3) Open Space and Gardens
While there is more open space proposed than the minimum suggested by the Brief and in fact required by the Local Plan, we might still hope that a City Council lead development might attempt to be an exemplar for the provision of open space. The proposals make inadequate allowance for open space for the new dwellings, let alone to compensate the local community for the existing lack of provision.
a) The Design and Access Statement (Table 2, p127) states that there should be 0.77 Ha to meet the requirements of the Cambridge Local Plan (2006)
b) The high housing density of the CIP proposal has been achieved at the expense of any garden space for the houses. In a development where family houses seem to be restricted to ‘yards’ no more than 8 metres length, it should be essential to provide sufficient open space for the new occupants.
4) Community facilities and additionality
The proposals for community facilities are grossly inadequate and do not reflect the Brief.
a) The Brief assumes that the development will provide an opportunity to provide community facilities for both the new residents and the existing local community. The proposal to ask the YMCA to provide community facilities on the site is at the cost of losing the current facilities on Gonville Place. The figures provided to the consultation of 100m2 of community space shows no increase in provision, as this merely matches the existing space on Gonville Place which will be lost under the proposed scheme.
b) There is no provision for community control of any community facilities.
c) The time-line in CIP proposals show that the planning application for the YMCA development, including the community facilities, will not be submitted for planning until after the CIP planning application for rest of the site. It is not acceptable for the CIP to make a planning application based on a promise of provision by a third party in a later application and development. Indeed, the St.
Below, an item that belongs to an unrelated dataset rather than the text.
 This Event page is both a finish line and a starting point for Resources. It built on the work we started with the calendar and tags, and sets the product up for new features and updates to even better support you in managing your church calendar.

Matthews community has seen the folly of this approach where repeated schemes at the old Howard Mallet Community Centre site have failed to deliver on the promises of the original applicants.
5) “Affordable” housing and alternative tenures.
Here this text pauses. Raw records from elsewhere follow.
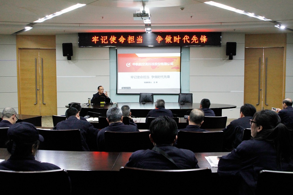 3月28日,中航航空高科技股份有限公司黨委委員沈鋒,作為直屬二黨支部和航智裝備工廠二黨支部的聯(lián)系人,為兩個黨支部全體黨員上了一堂題為《牢記使命擔(dān)當(dāng) 爭做時代先鋒》專題黨課。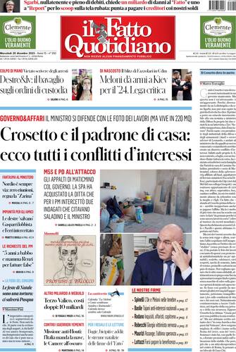 - Apertura con titolo: "Crosetto e il padrone di casa: ecco tutti i conflitti d'interessi. Gli appalti di Maticmind col governo. La Spa ha acquistato la ditta che per i pm intercettò due indagati che citavano Saldino e il ministro"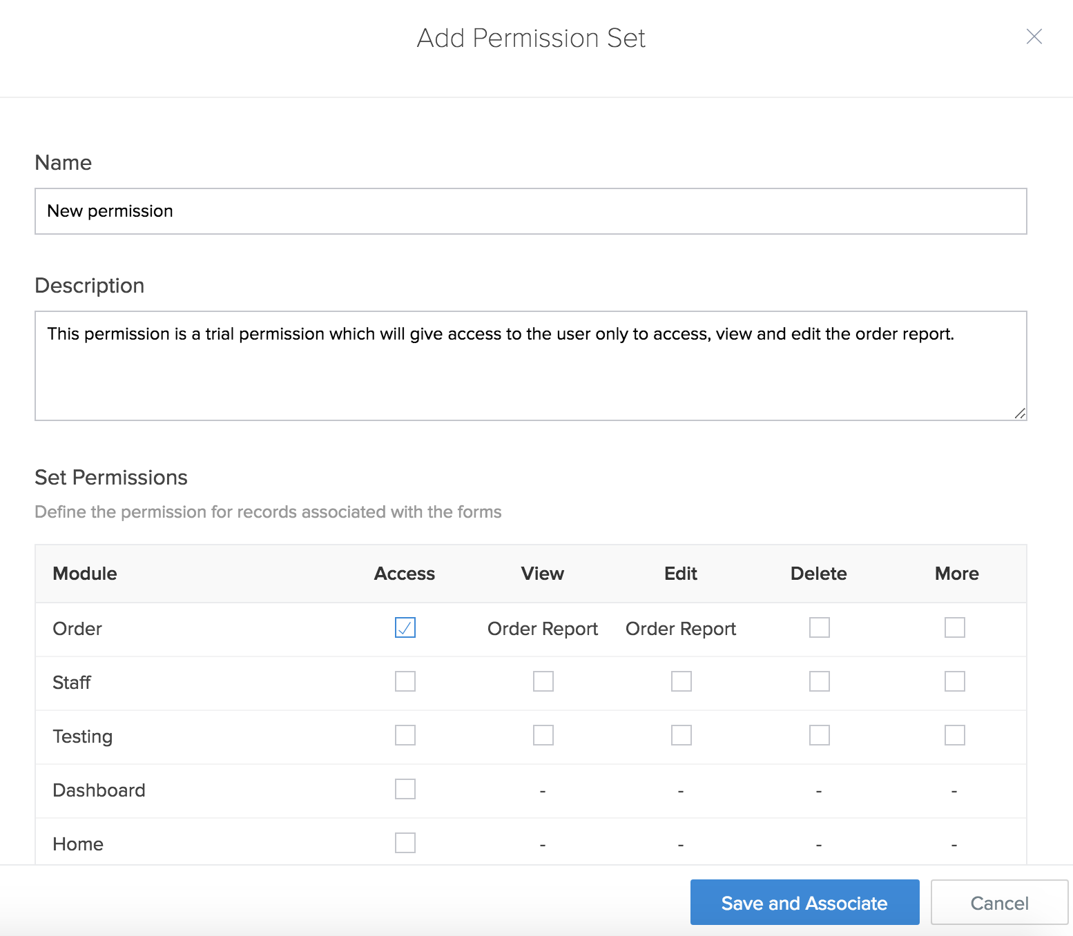 Enter the name, description and set permissions for the permission set in the Add Permission Set tab. Then click Save and Associate button

The suggested proportion of ‘affordable housing’ is disappointing, given the existing Council ownership of the site. The Brief’s references to supporting alternative forms of tenure such as co-operatives have been ignored.
a) The CIP proposals suggest that 50% of the housing will be “affordable”. While this exceeds the Brief, it is a disappointing proposal for land which is already in the City Council’s ownership. If the Council expects at least 40% of affordable housing on land sold for development, the CIP should be proposing considerably more affordable housing on this site, which is land already owned by the Council.
b) The Brief refers to co-operative tenures and in the past the council has shown an interest in supporting alternative forms tenure, such as the Housing Co-operative and the K1 Co-housing project. There is also research from organisations such as the New Economics Foundation to show that alternative approaches to land ownership, such as Community Land Trusts, can enable land value to be retained by the community and house prices to be both affordable and resistant to market pressures. However, there is no mention of these issues in the CIP proposals.
c) The proposals do not describe or discuss the financial model for the development or make any case for limiting the scope of affordable housing and options for alternative tenures and ownership models. Only if this information is provided can the local community and the planning department evaluate the justifications for departing from the Brief or for failing to provide an exemplary scheme for the city.